Data for analysis:
-- Opening Marker --

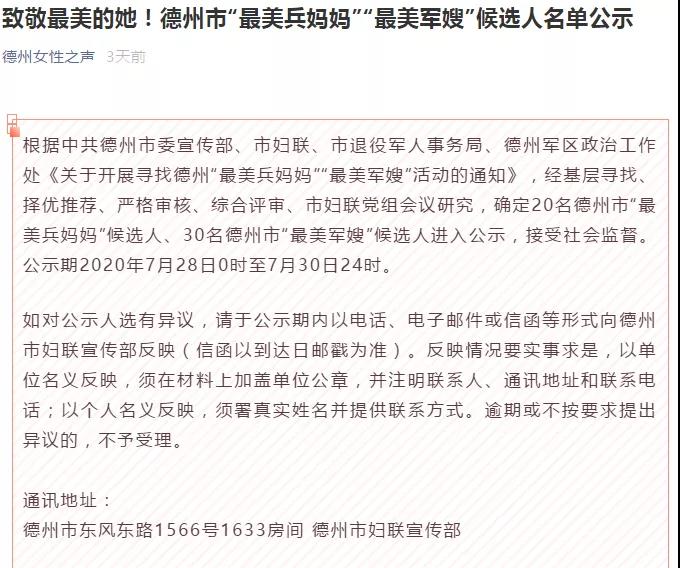 日前,中共德州市委宣传部、市妇联、市退役军人事务局、德州军区政治工作处开展了“寻找德州‘最美兵妈妈’‘最美军嫂’活动”。经基层寻找、择优推荐、严格审核、综合评审、市妇联党组会议研究,确定20名德州市“最美兵妈妈”候选人、30名德州市“最美军嫂”候选人。
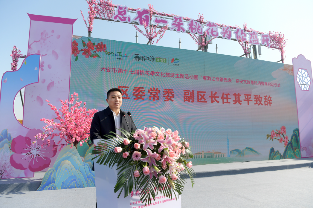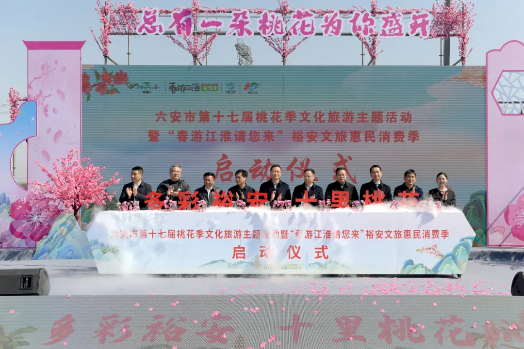 仪式上,关传兵、董永来、李守成等共同启动了六安市第十七届桃花季文化旅游主题活动暨“春游江淮请您来”裕安文旅惠民消费季活动。
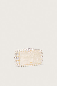 The Eos Box Clutch is an update from our loved Eos Box Bag. This clutch has beads surrounding the edges of the bag for a unique Gaia touch. Our classic Cult Gaia signature is printed in gold on one side of the clutch. SIZE & FIT NOTES Fits iPhones up to iPhone 11 Top clasp closure Unlined Fragile - do not drop, handle with care COMPOSITION AND CARE 9" x 5" x 2" Weight: 68.6g Body: 100% Acrylic
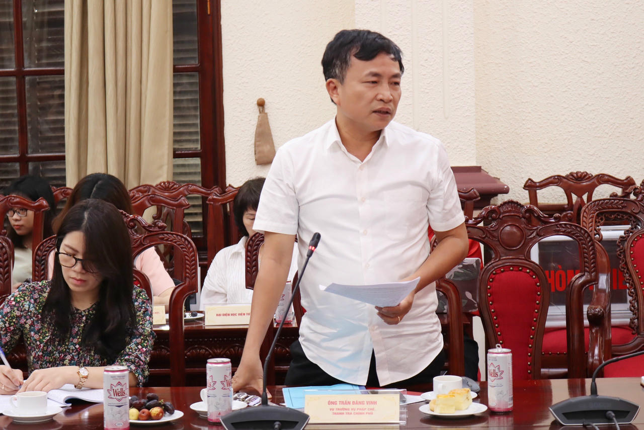 Ông Trần Đăng Vinh - Vụ trưởng Vụ Pháp chế, Thanh tra Chính phủ phát biểu. |
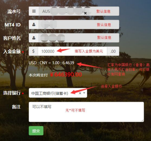 2:按照表格提示,正确填写账户信息,和入金金额。
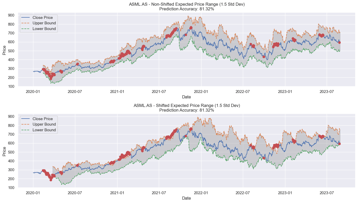 To visualize this, two plots are provided: one with the original bounds and another where the bounds are shifted by our forward period for clarity. Red dots highlight instances where the actual stock price diverged from our predicted range. By counting these deviations, we gauge the prediction accuracy of our model.
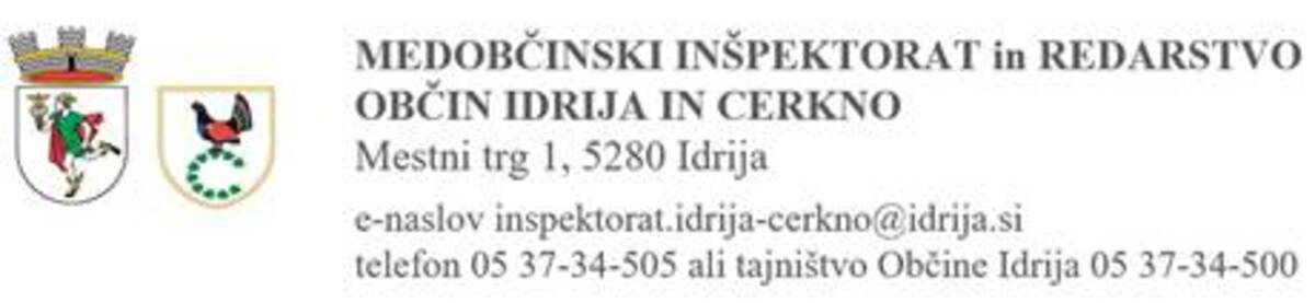 Pobude za inšpekcijski nadzor in pobude s področja občinskega redarstva lahko občani posredujejo tudi po elektronski pošti na inspektorat.idrija-cerkno@idrija.si.
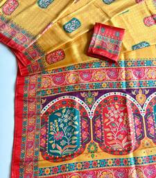 Yellow color jari weaving with print work softy silk saree
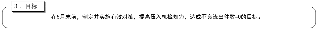 每个“A3报告”都以一个揭示主题内容的标题开始,这个主题客观地描述了该报告要解决的问题,让读者知道整个报告要讲述的主要内容。例如:
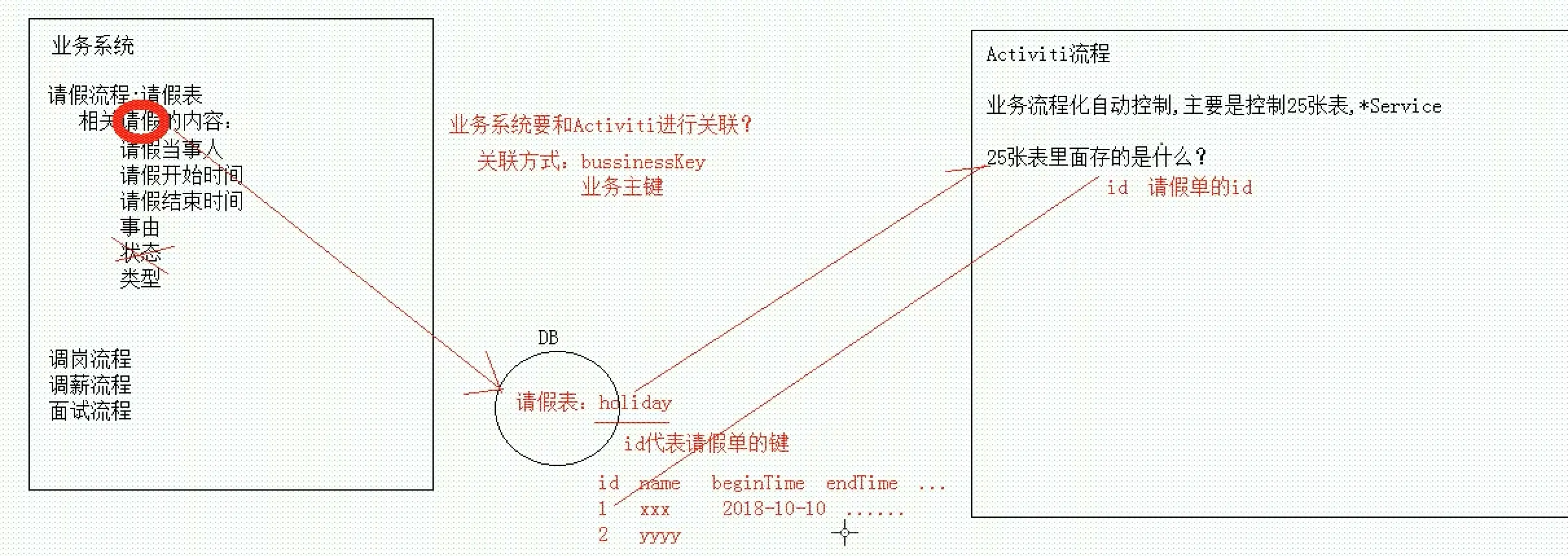 在实际业务中,我们的业务信息会有一张自己的表,而这些信息会存在我们自己系统的表中,而不是Activiti的25张表中,我们会通过BussinessKey将他们进行关联,接下来我们来实现关联。
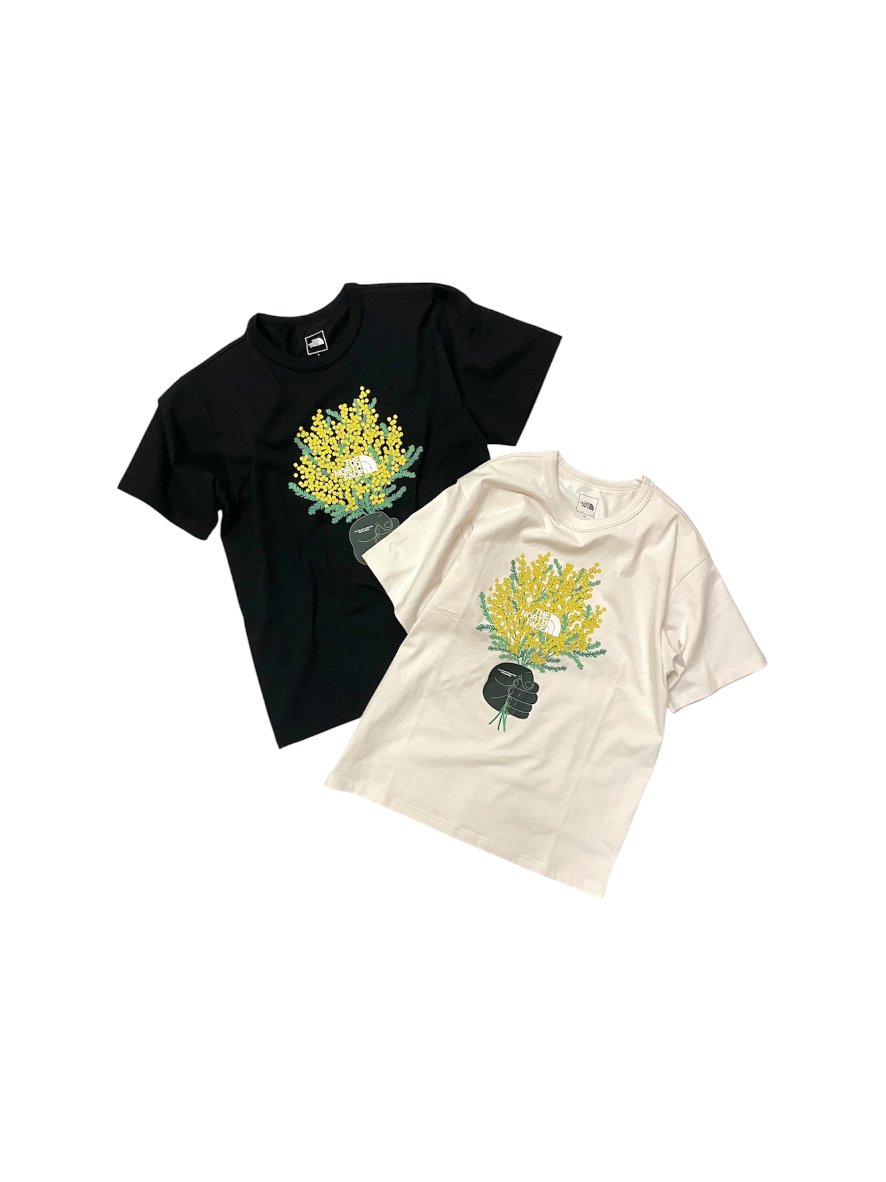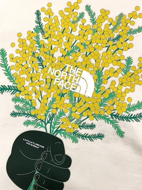 SRHRの認知向上に取り組むTHE NORTH FACEのグラフィックTシャツ。ミモザの花束を配したフロントプリントに風合いがよいコットンとポリエステルの混紡生地で、ユニセックスモデル。親子バインダー仕様で、赤ちゃんが襟元を引っ張っても伸びにくく、UVガード(UPF30-50+)機能付き。

-- Closing Marker --

Work required: Retype exactly the lines above, starting at the line containing "Ông Trần Đăng" and ending with the last line, both included; leave out the pictures.

Written solution:
 Ông Trần Đăng Vinh - Vụ trưởng Vụ Pháp chế, Thanh tra Chính phủ phát biểu. |
 2:按照表格提示,正确填写账户信息,和入金金额。
 To visualize this, two plots are provided: one with the original bounds and another where the bounds are shifted by our forward period for clarity. Red dots highlight instances where the actual stock price diverged from our predicted range. By counting these deviations, we gauge the prediction accuracy of our model.
 Pobude za inšpekcijski nadzor in pobude s področja občinskega redarstva lahko občani posredujejo tudi po elektronski pošti na inspektorat.idrija-cerkno@idrija.si.
 Yellow color jari weaving with print work softy silk saree
 每个“A3报告”都以一个揭示主题内容的标题开始,这个主题客观地描述了该报告要解决的问题,让读者知道整个报告要讲述的主要内容。例如:
 在实际业务中,我们的业务信息会有一张自己的表,而这些信息会存在我们自己系统的表中,而不是Activiti的25张表中,我们会通过BussinessKey将他们进行关联,接下来我们来实现关联。
 SRHRの認知向上に取り組むTHE NORTH FACEのグラフィックTシャツ。ミモザの花束を配したフロントプリントに風合いがよいコットンとポリエステルの混紡生地で、ユニセックスモデル。親子バインダー仕様で、赤ちゃんが襟元を引っ張っても伸びにくく、UVガード(UPF30-50+)機能付き。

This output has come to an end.